Local LLM with Retrieval-Augmented Generation
Let’s build a simple RAG application using a local LLM through Ollama.
Edit (2025-03-26): Added some words about next steps in conclusion.
Edit (2025-03-25): I re-ran the example with a clean database and the results are better. I also cleaned up the code a bit.
Over the past few months I have been running local LLMs on my computer with various results, ranging from ‘unusable’ to ‘pretty good’. Local LLMs are becoming more powerful, but they don’t inherently “know” everything. They’re trained on massive datasets, but those are typically static. To make LLMs truly useful for specific tasks, you often need to augment them with your own data–data that’s constantly changing, specific to your domain, or not included in the LLM’s original training. The technique known as RAG aims to bridge this problem by embedding context information into a vector database that is later used to provide context to the LLM, so that it can expand its knowledge beyond the original training dataset. In this short article, we’ll see how to build a very primitive local AI chatbot powered by Ollama with RAG capabilities.
The source code used in this post is available here.
Ingredients and set-up
In order to build our AI chatbot, we need the following ingredients:
- Ollama, to facilitate access to different LLMs.

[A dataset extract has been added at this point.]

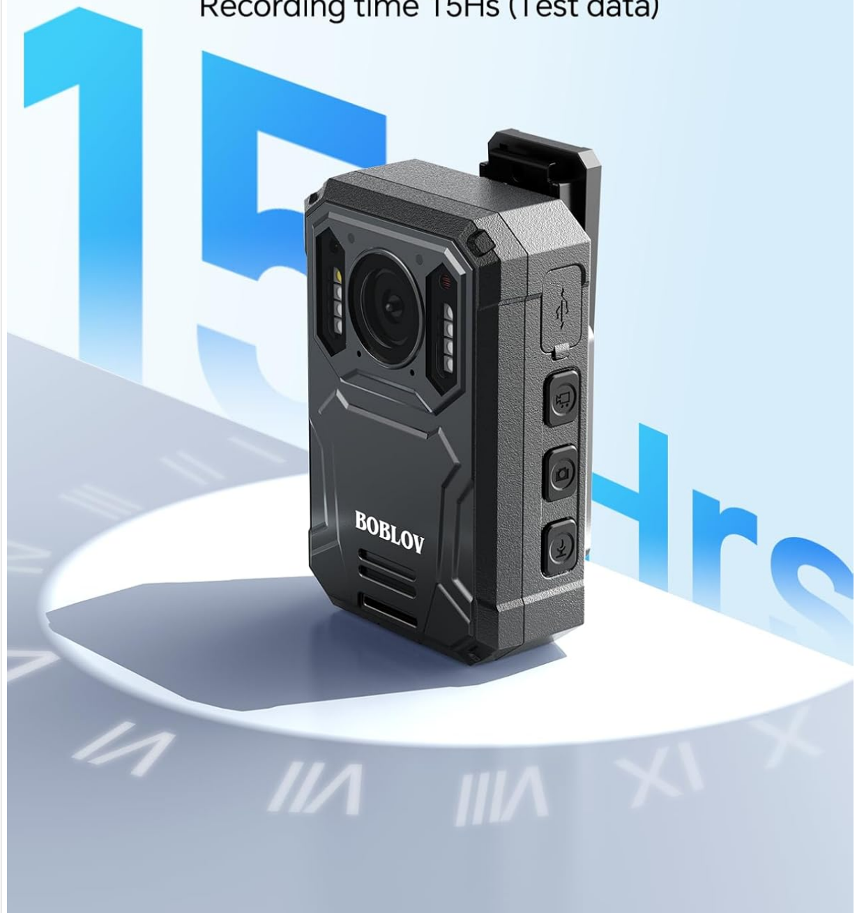
Image: The BOBLOV KJ23Pro camera showcasing its built-in 4000mAh battery, providing up to 15 hours of continuous recording.

- Chroma DB, our vector storage for our context.
- Langchain, to facilitate the integration of our RAG application with the LLM.
First, we need to install Ollama. On Arch Linux, it is in the extra
repository. If you happen to have an NVIDIA GPU that supports CUDA, you’re in luck. You can speed-up your inference but a significant factor! Otherwise, you can still just use the CPU. I have a (rather old) NVIDIA GPU, so I’m installing ollama-cuda
as well.
pacman -S ollama ollama-cuda
Next, we need some LLM models to run locally. First, start the Ollama service.

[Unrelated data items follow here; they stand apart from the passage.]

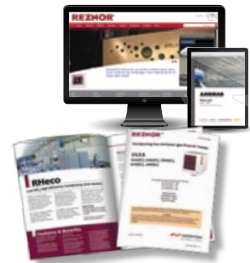
Example of the documentation that must be supplied

However, product literature and manufacturer web sites must indicate the seasonal efficiency and NO x emissions for each product or system.
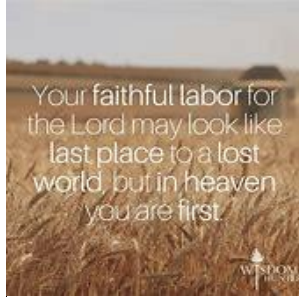
Matthew 20:15 Are you envious because I am Generous?
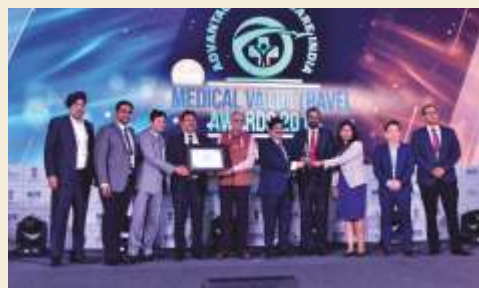
Medical Value Travel Specialist Hospital (Liver Transplant) Winner Indraprastha Apollo Hospitals, Delhi
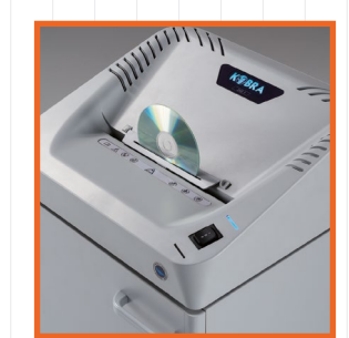
AUTOMATIC START & STOP

Power management system with illuminated indicators for power saving in stand-by mode. Easy to operate On-Off-Reverse switch, with LED signal for bag full and/or open door
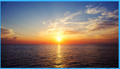
Pancakes @6:40 on the practice field Sunrise @ 7:04
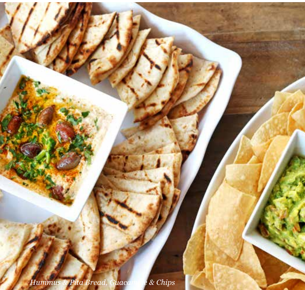
Hummus & Pita Bread, Guacamole & Chips
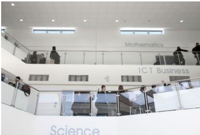
The Plaza - our fantastic Plaza offers a wealth of learning resources and laboratories including a wonderful central open plan learning space.

systemctl start ollama.service
You can check whether the service is running with curl:
$ curl http://localhost:11434
Ollama is running%
Then, you need to get some LLM models. I have some installed that I use regularly:
$ ollama list
NAME ID SIZE MODIFIED
llama3.1:8b 46e0c10c039e 4.9 GB 2 hours ago
gemma3:12b 6fd036cefda5 8.1 GB 10 days ago
phi4-mini:latest 78fad5d182a7 2.5 GB 10 days ago
deepseek-coder-v2:16b 63fb193b3a9b 8.9 GB 10 days ago
llama3.2:1b baf6a787fdff 1.3 GB 4 weeks ago
mistral-small:24b 8039dd90c113 14 GB 7 weeks ago
phi4:latest ac896e5b8b34 9.1 GB 7 weeks ago
I would recommend using llama3.1:8b
(link) for this experiment, especially if you run a machine with little RAM. It is quite compact and works reasonably well1. Additionally, some models like gemma3:12b
do not support embeddings, so you need to choose carefully.
Get llama3.1:8b
with:
ollama pull llama3.1:8b
That’s it for our LLM. Now, let’s create a new directory for our RAG chatbot project, and let’s install the dependencies.

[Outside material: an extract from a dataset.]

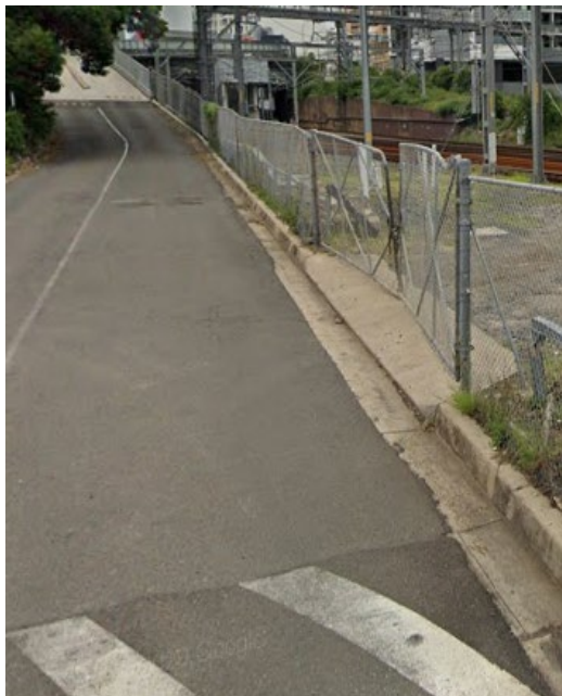
Image 5: Access gate (100 15.037 U) opposite Hurstville Substation

mkdir rag-chat && cd rag-chat
pipenv install ollama langchain langchain-ollama chromadb overrides
This should install python-ollama
, Langchain together with the -ollama
hook, and Chroma DB.
Ollama model setup
The code we display below is available in this repository. Now, let’s create a file, rag-chat.py
.
First, our chatbot will list all the available models and will ask for the model we want to use. This part is simple:
#!python
from langchain_ollama import OllamaEmbeddings, OllamaLLM
import chromadb, requests, os, ollama
OLLAMA_URL = "http://localhost:11434"
models = ollama.list()
model_names = []
for m in models.models:
model_names.append(m.model)
print("Available models:\n -", '\n - '.join(model_names))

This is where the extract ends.